Survival this year will depend on seeing beyond the crisis mentality. Every smart plan for 2008 must have a fall-back option.

Colin Benjamin

Smart companies are going to prepare a two-track plan for their business for the rest of this year – a short-term plan for the rest of this financial year and a lock-down plan for the next financial year.

We have just seen gold go through $US1000, and it is likely to go further in the next month if George Bush is able to agree with Israel this week to reinstate Iran as the “evil empire” and McCain and his Dad’s Army team campaign for military expansion in the Middle East. 

We have seen the two Andrews story (see below) show both sides of the global realignment away from the Coalition of the Willing warrior economies to the emergence of the BRIC (Brazil, Russia, China and India) economies.

Andrew Scott at Centro is struggling to stay afloat past 15 February as the financial institutions go into free-fall beyond the US sub-prime and related collapse in retail property values, at the same time as Andrew Forrest shows that vision and longer term thinking about mining resources has made him one of Australia’s richest men.

While the media will be filled with the US soap opera until that race stops in November, the incoming Rudd/Swan/Tanner team will be hunting down any part of the outgoing administration’s forward estimates to find savings in excess of $15 billion in a desperate attempt to convince the RBA that we can continue to fly below the no-go line of 3% inflation.

The reality is that all central banks are going to pump funds into the American market in this presidential election year as hundreds of financial institutions change CEO – and scramble for survival as the credit crunch becomes a liquidity drought for many small and medium enterprises that face the same problems as Centro and Countrywide; a total inability to roll over their lines of credit.

This year has all the prospects of a disaster for companies that have invested their hopes on an expanding US and European economy. As a result, the rest of this financial year will represent a crisis of confidence for the lenders and corporate treasurers who have large numbers of staff living on high-risk prospects that require consistent household expenditures.

Consumer confidence levels from the Roy Morgan Values Segments survey show that there is a canyon-like gap between the affluential NEOs (new economic order) who believe that their bonus and returns from a few years of record growth will continue, and the lower income household sector and middle class who are already finding that real costs are going through the roof.

The efforts of Tanner and Gillard to keep a lid on wages and salaries will come under massive pressure from a trade union movement that is beginning to see that its members are the real losers from the last few years while those who were on guaranteed incomes, AWAs and corporate executive payrolls have had the extra cash to buy new cars and take trips overseas.
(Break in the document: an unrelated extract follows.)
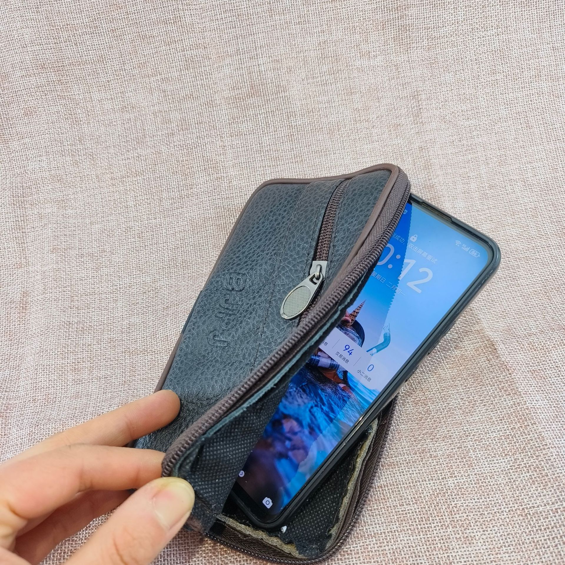 品名:男士牛皮单层腰包手机包

In the next financial year opportunities emerge for any small business that can disaggregate the value chains of larger industries through the use of new technologies, software solutions and service contracts that enable downsizing and outsourcing of fixed staff costs.
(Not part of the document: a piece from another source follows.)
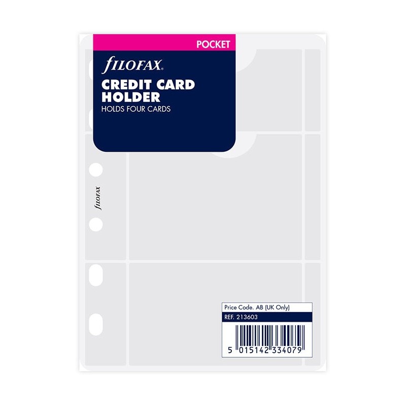Transform your Filofax pocket organiser into a useful purse or wallet with this handy transparent credit card holder. Holds four cards.

There will be a shift to longer term strategies that have a return on investment below 12% but a consistently higher return on capital as price-earnings ratios get better with declining interest in equities and greater interest in bonds. Companies that can expand their trade contacts overseas and reduce their terms of trade will expand offshore rather than look to the domestic market for significant expansion.

The good news is there, however, for Australian companies that are making the most of our contacts in China and India (despite the best efforts of the cricket establishment) to extend long-term investments in service industries, technology transfers and in particular education and health-related services. As these countries dramatically increase their middle class they will look to mobile and committed staff to develop the range and quality of their domestic capabilities.

Those who can see beyond the crisis mentality have the best prospects of planning for a brighter future in 2009.